New Facility for Bioengineering Research Opens in Los Angeles

In a world eager to solve the problem of rejection in organ transplantation, a young American scientist developed a breakthrough test in 1964 that would help establish the compatibility of tissue types between organ donors and patients in need of transplants. Even though, today, efforts to meet organ transplant demand are shifting toward the field of bioengineering, as researchers search for ways to recreate complex organs with patient-derived cells, the legacy of that scientist, Paul Ichiro Terasaki, continues to inspire discoveries in transplant medicine through his philanthropic ventures.

The Terasaki Institute for Biomedical Innovation (TIBI), a nonprofit research organization established by Terasaki, professor emeritus of surgery at the David Geffen School of Medicine at the University of California Los Angeles (UCLA), will open the doors to a new facility in 2022. The newly-acquired addition will house interdisciplinary research in bioengineering, micro- and nanoscale technologies to enable transformative biomedical innovation as part of continuing research to solve the biggest problems related to organ transplantation and beyond.

Earlier this month, the Terasaki Institute announced the revamping of a building in the Woodland Hills area of the city of Los Angeles. Once home to the Weider Health and Fitness Center, created by bodybuilder and entrepreneur Joe Weider, the two-story building will be custom-designed to house the latest technology in cutting-edge research and will provide 50,000 square feet of floor space for up to 200 employees.

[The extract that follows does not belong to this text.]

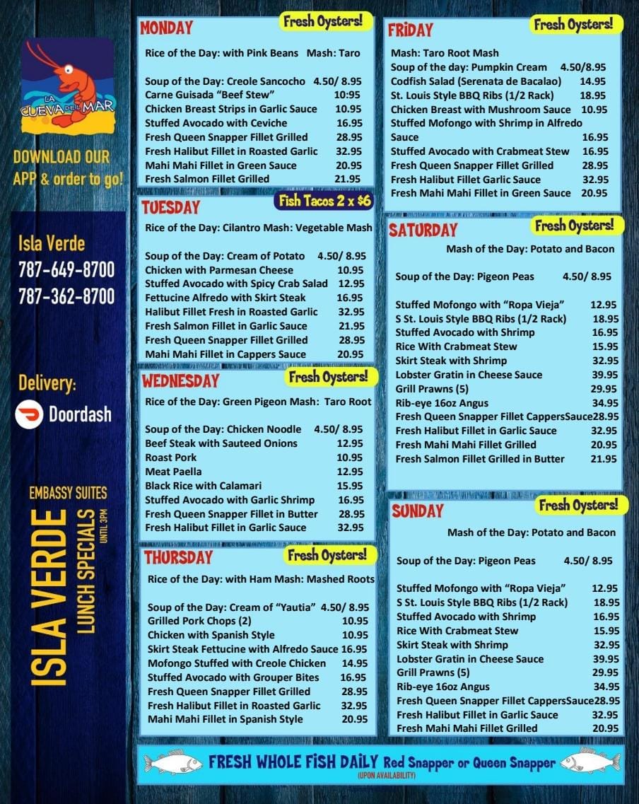 Welcome to La Cueva del Mar Isla Verde! Located in the vibrant heart of San Juan, Puerto Rico, this gem specializes in bringing the flavors of the sea to your table. The menu features an array of options, highlighting fresh seafood alongside beloved local dishes.

Located just 22 miles north of the original Terasaki Institute facilities in Westwood, the new space devoted to laboratory research will be designed to accommodate multiple teams of scientists, who will be developing bioengineered systems, devices, and other products with several biomedical applications. This new facility will be fully equipped to enable such technologies as tissue engineering and regeneration, biofabrication using 3D printing, nano- and micro-engineering, stem cell engineering, and the creation of human organs on chips.

When the new facility is inaugurated, with the renovation of the building set to begin in fall 2020, it will become the Terasaki Institute’s third research facility. In addition to the ample space and unique design features of the laboratory, the new facility will include in-house technology translation capabilities to be able to build prototypes and scale models of devices engineered by the institute. It will also be able to accommodate meetings, seminars, and conferences to further the education and exchange of ideas among its researchers and collaborators.

“I’m very excited about the addition of the new building to the Terasaki Institute. I believe that this addition will give us needed research space to bring together a number of leading scientists in our efforts to develop the next generation of biomedical innovations,” said Terasaki Institute’s new director and CEO, Ali Khademhosseini. “I’m particularly excited about furthering the great legacy of the Weider family and the building’s history in promoting health and fitness by focusing on individualized cures and diagnostics.”

Previously at Harvard Medical School, the Wyss Institute for Biologically Inspired Engineering, and most recently at UCLA Bioengineering, Khademhosseini has been an influential figure in pushing bioengineering forward. His research in regenerative medicine, tissue engineering, and micro- and nanotechnologies for the treatment of diseases has been related to advancements that allow reprogramming of adult cells to become progenitors, as well as editing genes. The bioengineer has also created a technique that uses a specially adapted 3D printer that could help advance the field of regenerative medicine by making it possible to 3D print complex artificial tissues on demand. He has also established the Khademhosseini Lab, an industry-leading tissue engineering lab that is co-sponsored by both MIT and Harvard and acts as a strategic partner to 3D bioprinting startup BioBots.

Ali Khademhosseini (Image: Ali Khademhosseini)

Stewart Han, president of the Terasaki Institute, has been working hard overseeing the planning and renovation of the new building: “It is exciting to be able to create a brand-new laboratory and research facility from the ground up, and it will greatly enhance our research capabilities when it’s completed. We also know that the new building will facilitate the future growth of our institute.

Founded in 2001, the Terasaki Institute was made possible through an endowment from the late Paul Terasaki, and it is expected to continue leveraging scientific advancements that enable an understanding of personalized medicine, from the macroscale of human tissues down to the microscale of genes, as well as to create technological solutions for some of the most pressing medical problems of our time.

Paul Terasaki in front of the Terasaki Life Sciences Building UCLA. (Image: Leslie Barton/UCLA)

“The board of the Terasaki Institute is very excited about the purchase of the new building in Woodland Hills, and we look forward to developing it into a world-class biomedical research center,” said board chair and diagnostic radiology specialist Keith Terasaki. “My father, the late Paul I. Terasaki, started the Terasaki Institute in hopes that it will make impactful discoveries in medical research. This new research facility will enable us to do so.”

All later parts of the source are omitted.